Я еще не видел этого острова; узнав же о предполагаемом нашествии, старался
не показываться в той части берега из опасения быть замеченным с кораблей
неприятеля, который не имел никаких сведений о моем присутствии, так как
во время войны всякие сношения между двумя империями были строго запрещены
под страхом смертной казни и наш император наложил эмбарго на выход всех
без исключения судов из гаваней. Я сообщил его величеству составленный
мною план захвата всего неприятельского флота, который, как мы узнали
от наших разведчиков, стоял на якоре, готовый поднять паруса при первом
попутном ветре. Я осведомился у самых опытных моряков относительно глубины
пролива, часто ими измерявшейся, и они сообщили мне, что при высокой воде
глубина эта в средней части пролива равняется семидесяти глюмглеффам,
— что составляет около шести европейских футов, — во всех же остальных
местах она не превышает пятидесяти глюмглеффов. Я отправился на северо-восточный
берег, расположенный напротив Блефуску, лег за бугорком и направил свою
подзорную трубу на стоявший на якоре неприятельский флот, в котором насчитал
до пятидесяти боевых кораблей и большое число транспортов. Возвратившись
домой, я приказал (у меня было на то полномочие) доставить мне как можно
больше самого крепкого каната и железных брусьев. Канат оказался толщиною
в бечевку, а брусья величиной в нашу вязальную иголку. Чтобы придать этому
канату большую прочность, я свил его втрое и с тою же целью скрутил вместе
по три железных бруска, загнув их концы в виде крючков. Прикрепив пятьдесят
таких крючков к такому же числу веревок, я возвратился на северо-восточный
берег и, сняв с себя кафтан, башмаки и чулки, в кожаной куртке вошел в
воду за полчаса до прилива. Сначала я быстро двинулся вброд, а у середины
проплыл около тридцати ярдов, пока снова не почувствовал под собою дно;
таким образом, меньше чем через полчаса я достиг флота.
Увидев меня, неприятель пришел в такой ужас, что попрыгал
с кораблей и поплыл к берегу, где его собралось не менее тридцати тысяч.

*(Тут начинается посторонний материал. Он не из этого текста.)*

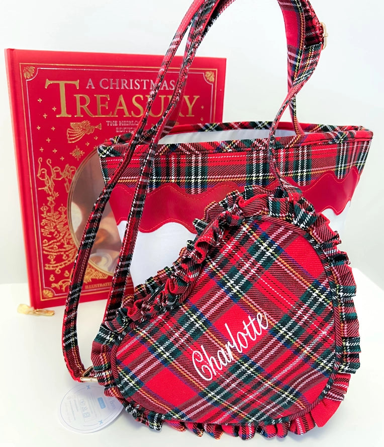 Every little girl-on-the-go needs a go-to holiday bag as sweet and special as she is. With a red plaid heart-shaped body, polished gold heart Bits & Bows logo charm and hardware, matching ruffle trim, adjustable crossbody strap, and wipe-clean lining, it’s a functional, feminine accessory she’s sure to love all season long. A perfect holiday gift to pair with her festive Fall and Winter wardrobe.

Тогда, вынув свои снаряды и зацепив нос каждого корабля крючком, я связал
все веревки в один узел. Во время этой работы неприятель осыпал меня тучей
стрел, и многие из них вонзились мне в руки и лицо. Помимо ужасной боли,
они сильно мешали моей работе. Больше всего я боялся за глаза и наверное
лишился бы их, если бы не придумал тотчас же средства для защиты. Среди
других необходимых мне мелочей у меня сохранились очки, которые я держал
в секретном кармане, ускользнувшем, как я уже заметил выше, от внимания
императорских досмотрщиков. Я надел эти очки и крепко привязал их. Вооружась
таким образом, я смело продолжал работу, несмотря на стрелы неприятеля,
которые хотя и попадали в стекла очков, но не причиняли им особого вреда.
Когда все крючки были прилажены, я взял узел в руку и начал тащить; однако
ни один из кораблей не тронулся с места, потому что все они крепко держались
на якорях. Таким образом, мне оставалось совершить самую опасную часть
моего предприятия. Я выпустил веревки и, оставя крючки в кораблях, смело
обрезал ножом якорные канаты, причем более двухсот стрел угодило мне в
лицо и руки. После этого я схватил связанные в узел веревки, к которым
были прикреплены мои крючки, и легко потащил за собою пятьдесят самых
крупных неприятельских военных кораблей[1].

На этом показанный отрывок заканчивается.